A body of mass $2m$ moving with velocity $v$ makes a head on elastic collision with another body of mass $m$ which is initially at rest. Loss of kinetic energy of the colliding body ) (mass $2m$) is

• A. 1/9 of its initial kinetic energy
• B. 1/6 of its initial kinetic energy
• C. 1/4 of its initial kinetic energy
• D. 1/2 of its initial kinetic energy
• E. 8/9 of its initial kinetic energy

Answer 1

Answer: (E)

Initial $K.E$ of ball of mass $2m=K_1$
$=\frac{1}{2}\times 2m\times V^2$
$=m{V}^2$
Collision is elastic so both $K.E$ and momentum are conserved.

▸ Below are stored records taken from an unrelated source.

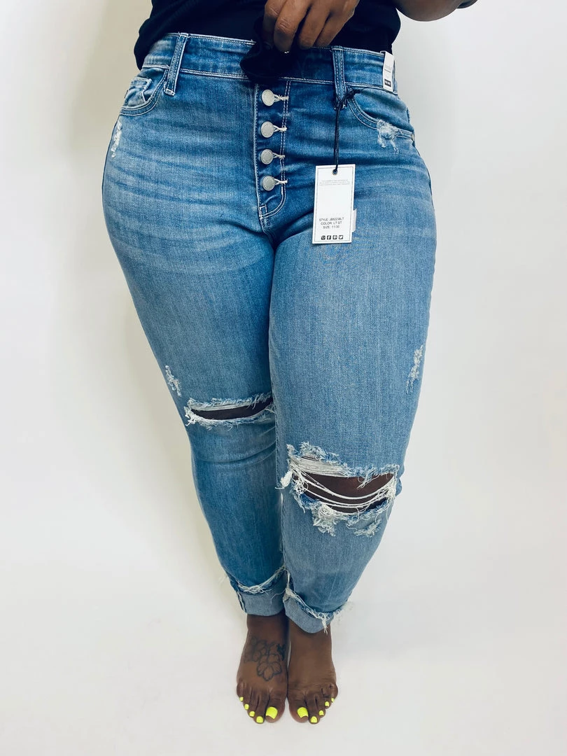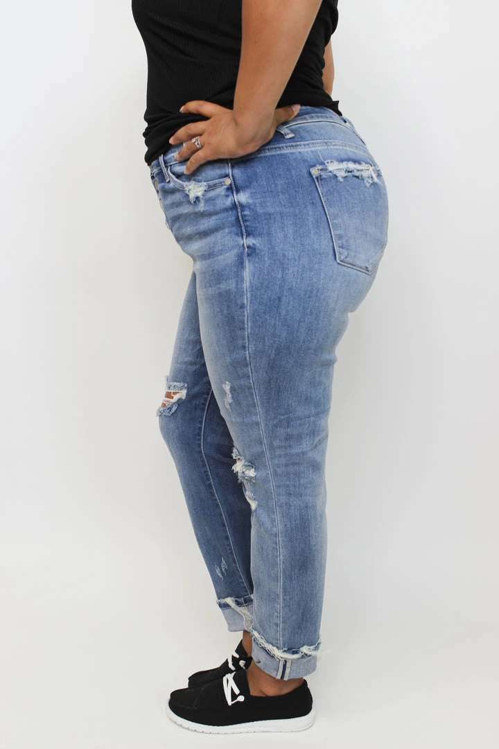 These stunning high waist Judy Blue boyfriend jeans have heavy distressing on the knees and a distressed cuffed hem that can easily be un-cuffed for a longer length. The distressed pockets and light wash make this the perfect pair of jeans to wear when going on life’s adventures!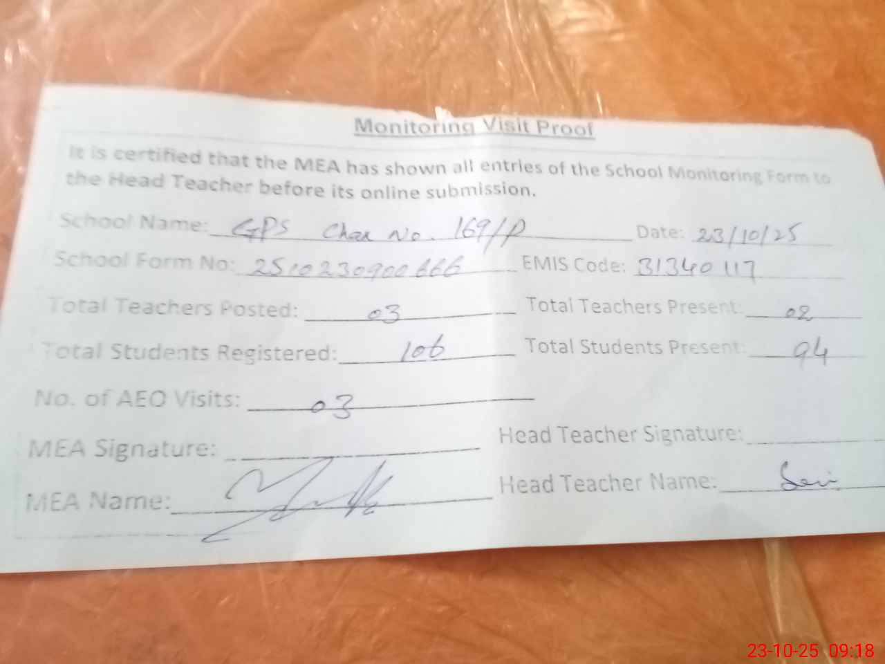 | Attendance Register | Head Teacher | MEA with School | Visit Proof |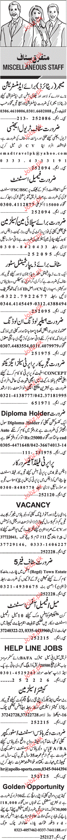 Assistants, Salesmen, Helpers, Cashiers Job Opportunity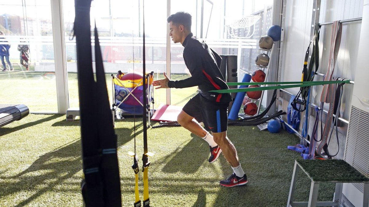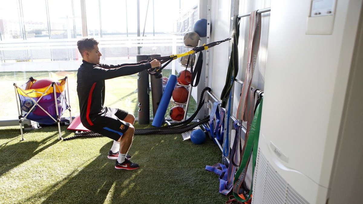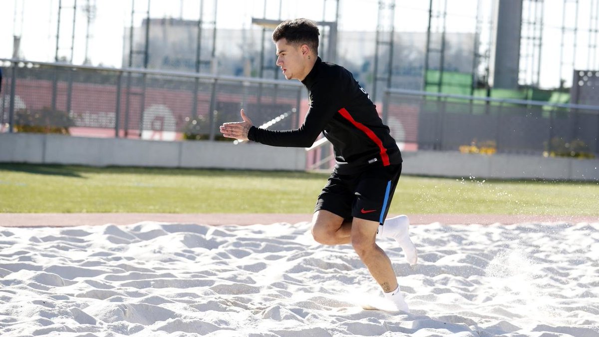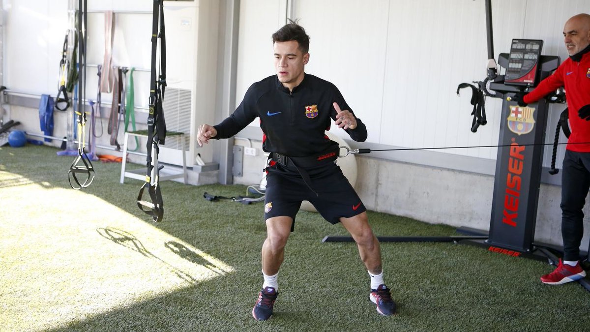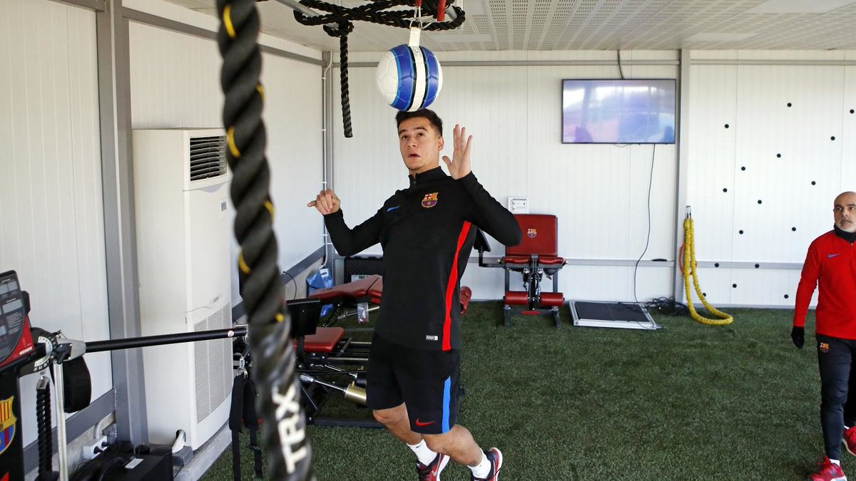 عدما انضم للنادي الكتالوني وحقق حلمه وانتهت الاحتفالات، بدأ وقت العمل والتعافي من الإصابة، حيث لدى فيليب كوتينيو إصابة على مستوى الفخد سيغيب على إثرها لـ16 يوم، وبدأ كوتينيو اليوم العمل على الأرض الرملية في المدينة الرياضية للتعافي سريعاً والعودة للملاعب، كما عمل في الصالة الرياضية، إلكيم صور كوتينيو: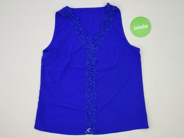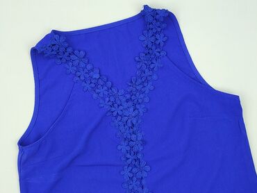 Bluzka bez rękawów w kolorze intensywnego kobaltu. - Fason: luźny, lekko rozkloszowany ku dołowi - Dekolt: w kształcie V z przodu, bogato zdobiony szeroką, szydełkową koronką w jaśniejszym, błękit...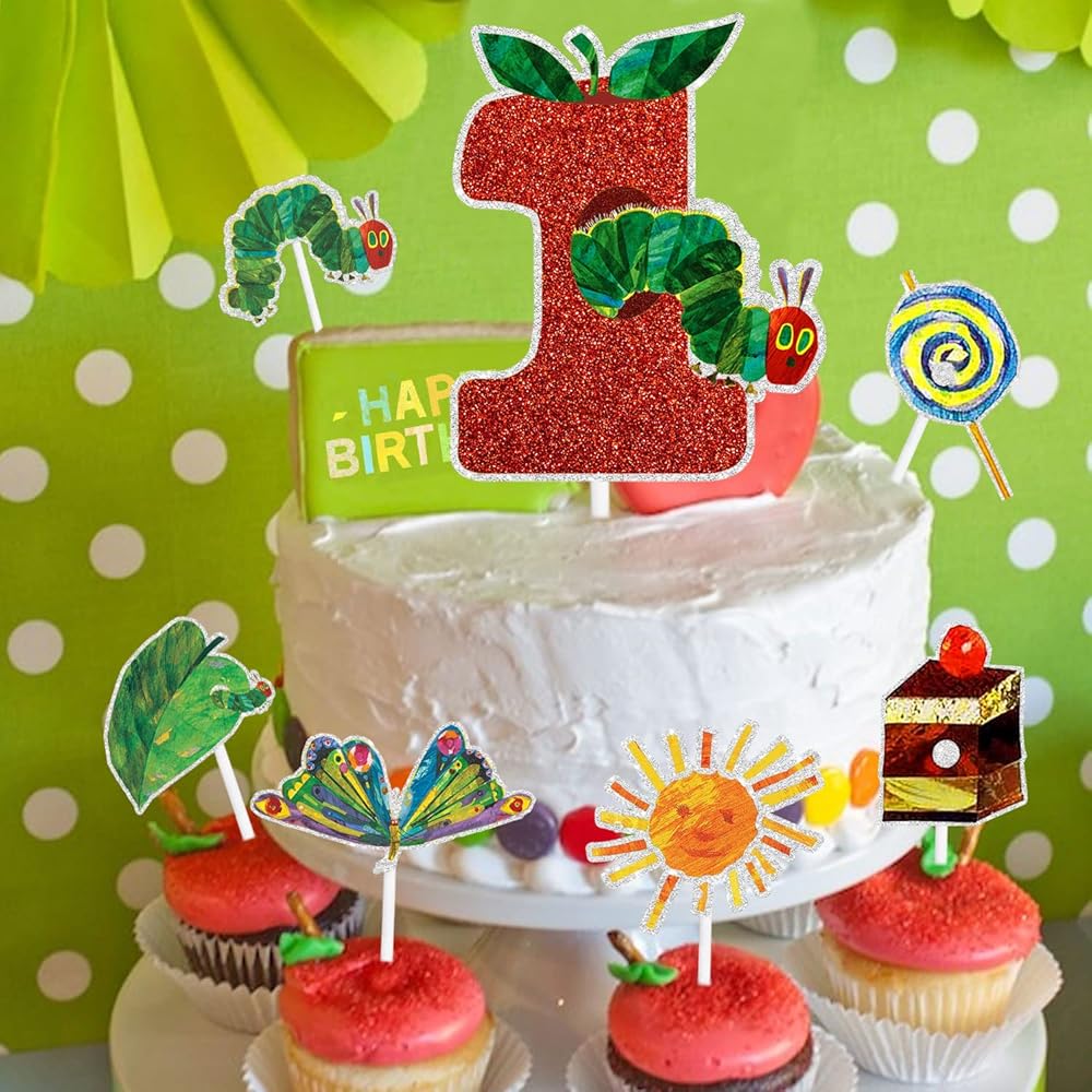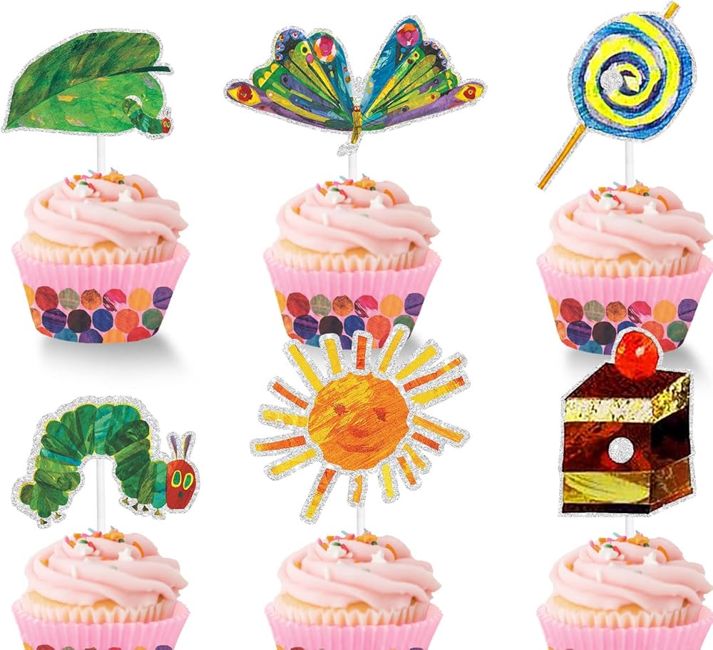 7 قطع مختلفة من أعلى الكعكة من اليرقة هانغر وأداة تزيين الكيك و6 قطع من أغطية الكب كيك، إجمالي 7 قطع.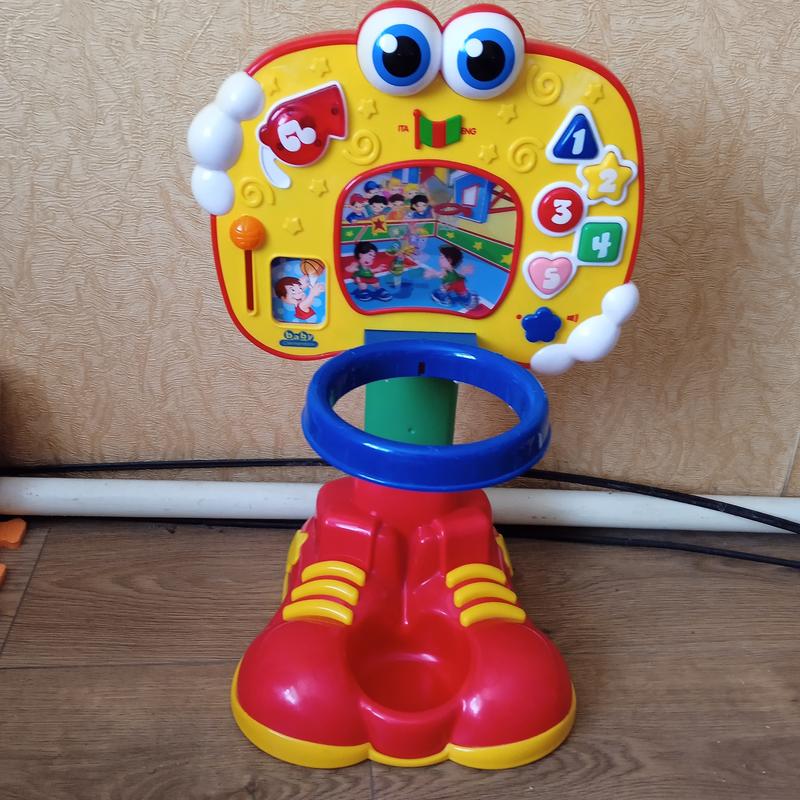 Игра от 1 года,Баскетболь. Световое и музыкальное сопровождение. Состояние красивое, полностью рабочее, высота кольца имеет 2 позиции. Высота самой игрушки 50 см. Каждый гол сопровождается музыкальными и световыми эффектами, сенсорный датчик распознает прохождение любого мяча, или другого предмета.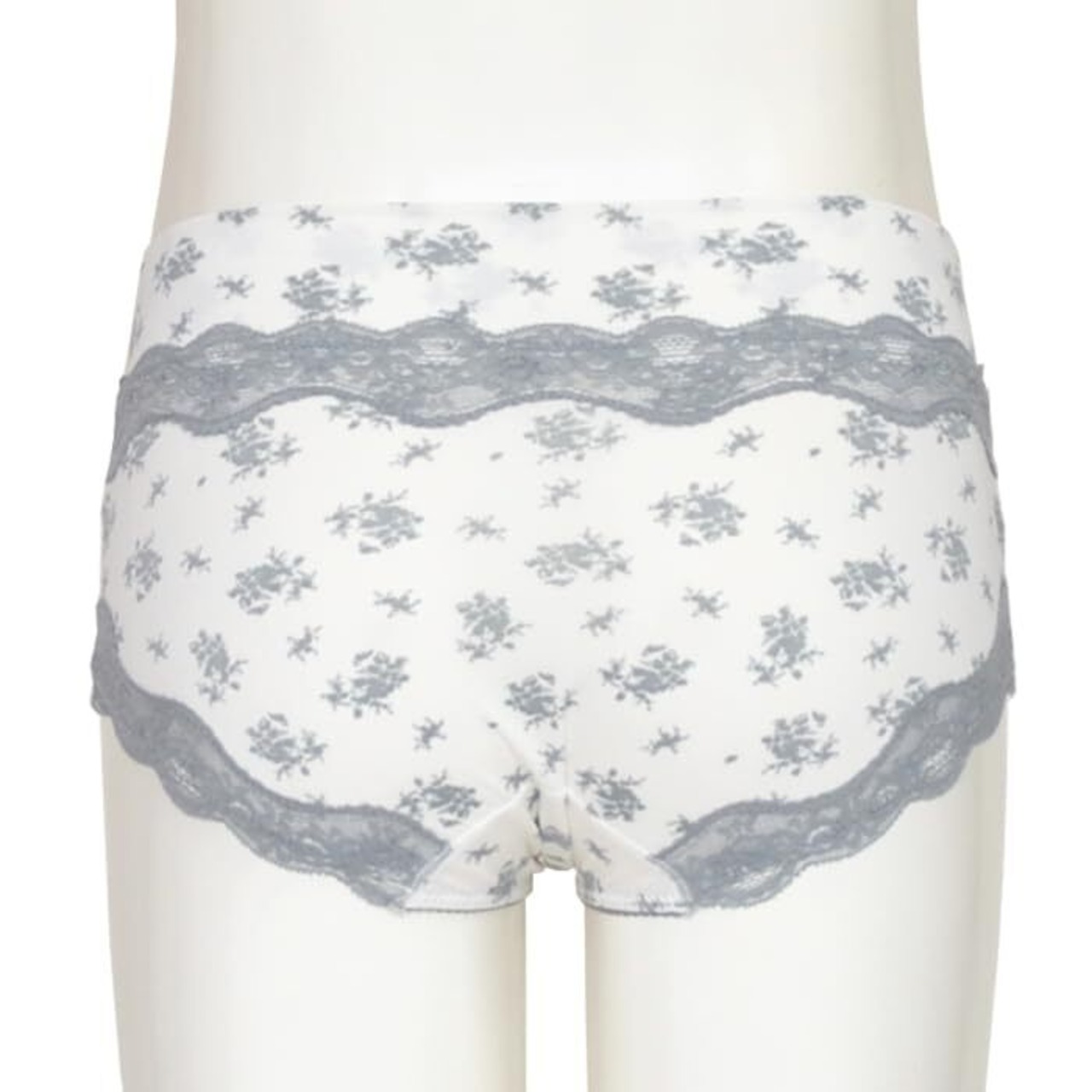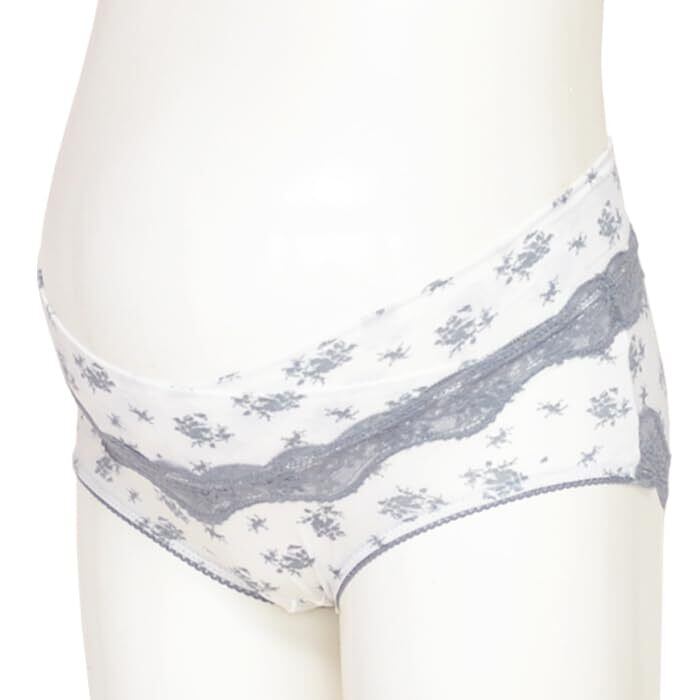 ラグジュアリーなレースを贅沢にあしらった、クロス形状のウエストベルトが特徴の産前産後兼用ショーツ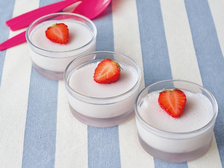 Step 2平均倒入杯中,放置冰箱冷藏2小時以上凝固。將草莓直向對切後,放在成品上裝飾。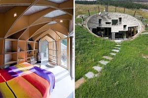 This ultra modern hobbit house is located in the side of a hill in Switzerland. This hobbit house was designed by a Dutch architecture firm and it looks like the house sunk into the mountain. A huge patio is a distinctive feature of the house, which opens up to provide an elliptical view of the mountains.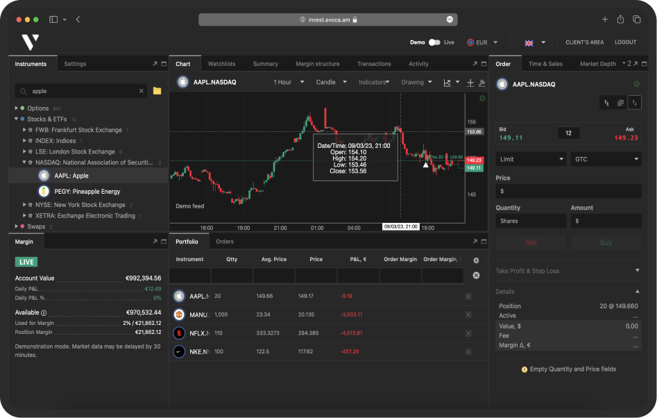 Համալրեք Ձեր բրոքերային հաշիվը Evocabank-ում և կատարեք ներդրումներ միջազգային ֆինանսական շուկաներում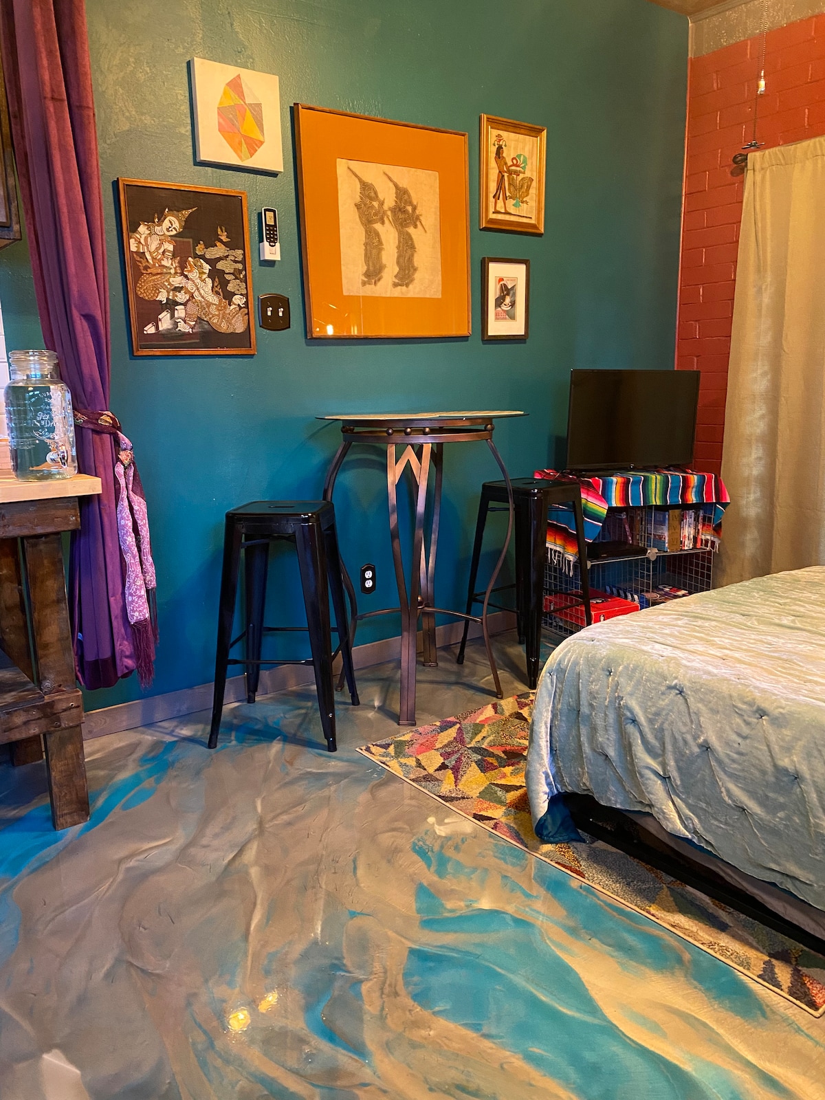 Please note the step up to the bathroom and ONE low bed. Some guests have trouble with these! The futon folds down into a twin size bed. If you have one kid (or two small ones) they may be comfy sleeping here. Let me know and I’ll make it up for you before you arrive. You will not be able to add them to the reservation but just text me! Private entrance to a renovated single car garage apartment in the popular, quiet Cove neighborhood.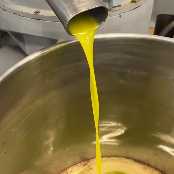 De olijven worden eerst vermalen tot een soort dikke pasta, en die pulp wordt daarna uitgeperst zodat de olie van het water en de stukjes vrucht worden gescheiden. Het resultaat van die eerste, pure persing proef je meteen: een vollere, fruitige geur, en een kleur die bijna richting vloeibaar goud gaat.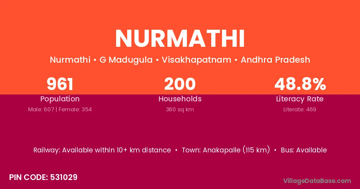 Anakapalle (115 km) is the nearest town to Nurmathi village for major economic activities and is located approximately 115 km away.
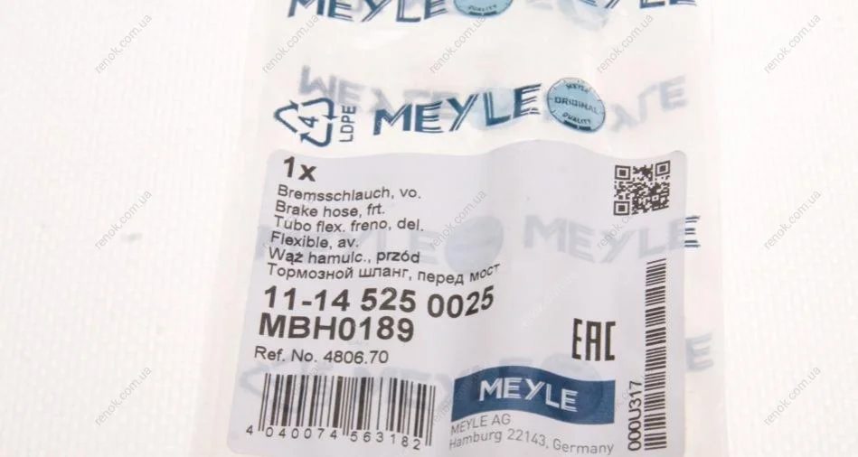 Шланг тормозной (передний) Fiat Ducato/Peugeot Boxer 94-02 (485mm) MEYLE 11-14 525 0025 (1311457080, 46786431, 480670)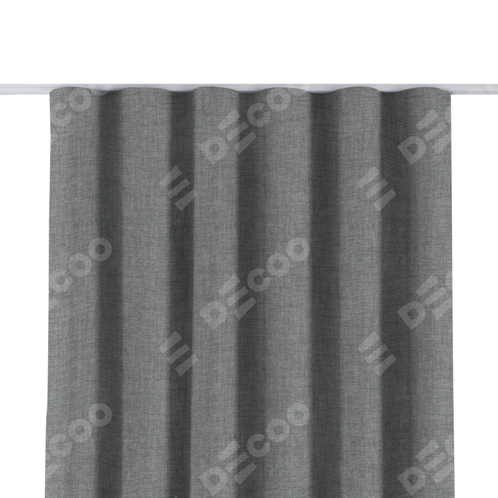 Комплект прямых штор, от производителя «Cortin», пошиты из ткани рогожка димаут тёмно-серый, артикул ткани 80418. С изнаночной стороны в верхней части штор пристрачивается шторная лента с декоративными складками «Волна». Для создания элегантных складок прямые шторы шьются по стандарту с коэффициентом 1:2 (на 100 см. ширины проёма 200 см. ширины ткани).

Let velocities of balls are $V_1$ and $V_2$ after collision.

So, $KE$ is conserved
$\frac{1}{2}(2m)V^2=\frac{1}{2}(2m)V_1^2+\frac{1}{2}m{V}_2^2$
$\Rightarrow V^2=V_1^2+\frac{1}{2}{V}_2^2...(i)$
And, momentum is conserved
$(2m)V+m(0)=2m\left(V_1\right)+m{V}_2$
$\Rightarrow 2V=2V_1+V_2...(ii)$
Now,
$V_2=2\left(V-V_1\right)$
Put this value in Eq. (i), we get
$V^2=V_1^2+\frac{1}{2}\times 4{\left(V-V_1\right)}^2$
$\Rightarrow 3V_1^2-4V{V}_1+V^2=0$
$\Rightarrow 3{\left(\frac{V_1}{V}\right)}^2-4\left(\frac{V_1}{V}\right)+1=0$
or $\frac{v_1}{v}=-\frac{-(-4)\pm \sqrt{16-12}}{2\times 3}$
$\Rightarrow \frac{v_1}{v}=\frac{4\pm 2}{2\times 3}$
$\Rightarrow V_1=V$ (Not possible)
or $V_1=\frac{1}{3}V$
So, final $K.E$ of ball of mass $2m$,
$k_2=\frac{1}{2}(2m)\left(V_1^2\right)=\frac{1}{2}\times 2m\times \frac{V^2}{9}=\frac{1}{9}\left(k_1\right)$
Hence, loss of $K.E.$ of Ist ball
$=K_1-\frac{1}{g}{K}_1=\frac{8}{9}{K}_1$